Sonny Condell reflects on how ‘The Fruit Smelling Shop’ first arrived, back in the late 70’s:

“I think songs come out of the blue, either very quickly or after long and painful period of trial and error, its seems to depend very much on one’s mood. But it is very exciting when things go well and you find you have given birth to something new.

Sometimes when I’m trying to write a song, I get quite tired of my own lyrical ideas and this was the case when I opened at random a page in James Joyce’s “Ulysses”.

Unusually for me I was playing around with a few piano cords at the time, (normally I use the guitar ) I propped open my copy on the piano and started to try fit the words to a developing melody.

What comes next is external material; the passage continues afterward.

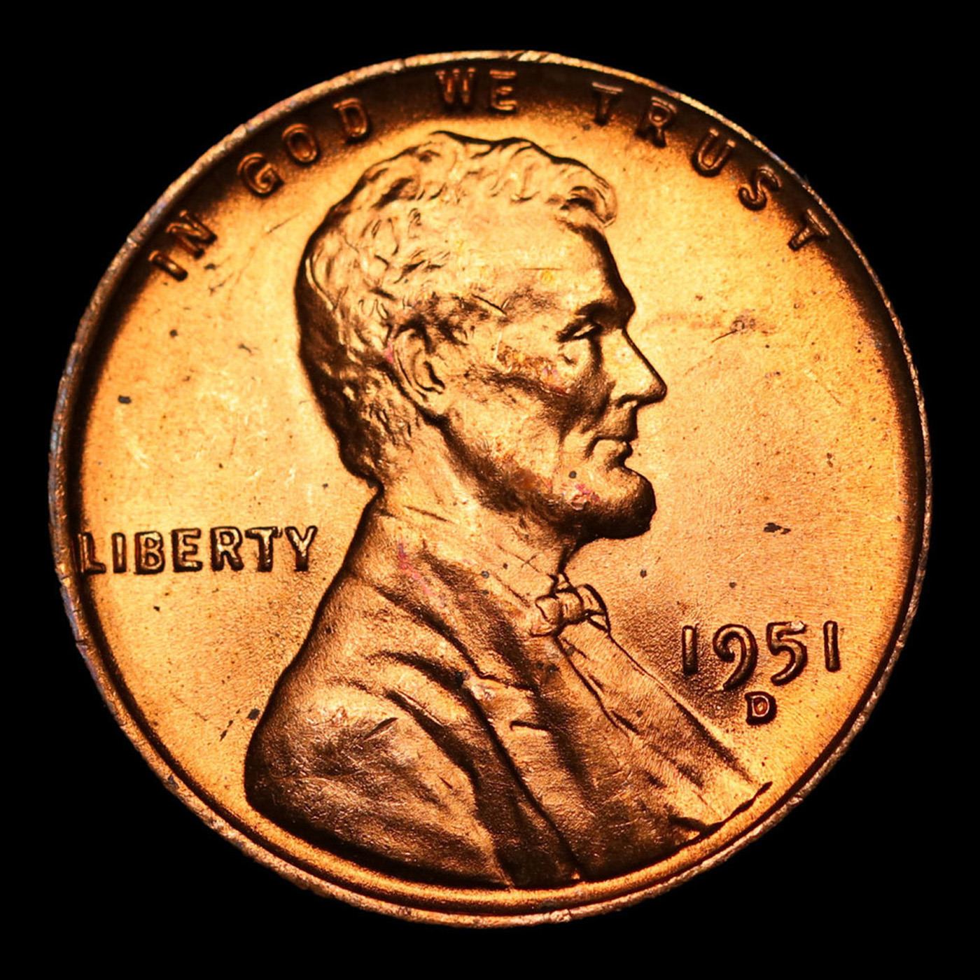 1951-d Lincoln Cent 1c Grades GEM+ Unc RD.

‘The Fruit Smelling Shop’ came into being very quickly, it just happened, the cord sequence worked, and the words pushed and pulled me; into a chorus where “Blazes Boylan at the counter….” Seemed to call for a strong C major, then the serving girl’s submissive “yes sir I will sir” felt like an E minor, A minor sequence.

The hard part was done, the atmosphere was all in the wonderful writing of Mr Joyce, then I began to wonder, what right do I have to do this? I still don’t have the answer to that.

But having been asked by the James Joyce Centre to do a new version of the song, has in some way legitimised the creation of the song. I’m very grateful to the James Joyce Centre for their interest and their support.”

Scullion had asked for, and received permission to use the segment when they first recorded the tune in the late seventies. They have now recorded it for the second time, as part of the Bloomsday festivities, and for their new Scullion album set for release this autumn.

A specially commissioned film for ‘The Fruit Smelling Shop’ created by Myles O’Reilly (Arbutus Yarns) is available online via the Other Voices YouTube Channel.

The Bloomsday Festival celebrates Irish writer James Joyce and his famous novel Ulysses set in Dublin city on 16th June 1904.  This unique literary festival will once again be online for 2021 but it will aim to inspire and entertain the many thousands of global fans and hopefully gather new audiences for Ireland’s greatest writer.

Now more than ever we need to look to the creative strengths that surround us, our writers, artists, performers, and musicians to guide us out of this pandemic. In Ulysses, James Joyce reminds us of the joy of the ordinary and every day, but also that the local is universal, ‘if I can get to the heart of Dublin, I can get to the heart of all the cities of the world’.

The Bloomsday Festival 2021 has been truly inspired by the response of Irish and international artists, writers, performers, musicians, academics, reading groups, and all who love the works of James Joyce. It seems that Ulysses has indeed some special resonance for these times. As we look towards 2022 and Ulysses 100, the centenary celebrations of this great novel, we hope we can once again welcome everyone back to this great city, and like James Joyce, we will all have Dublin ‘written on our hearts’.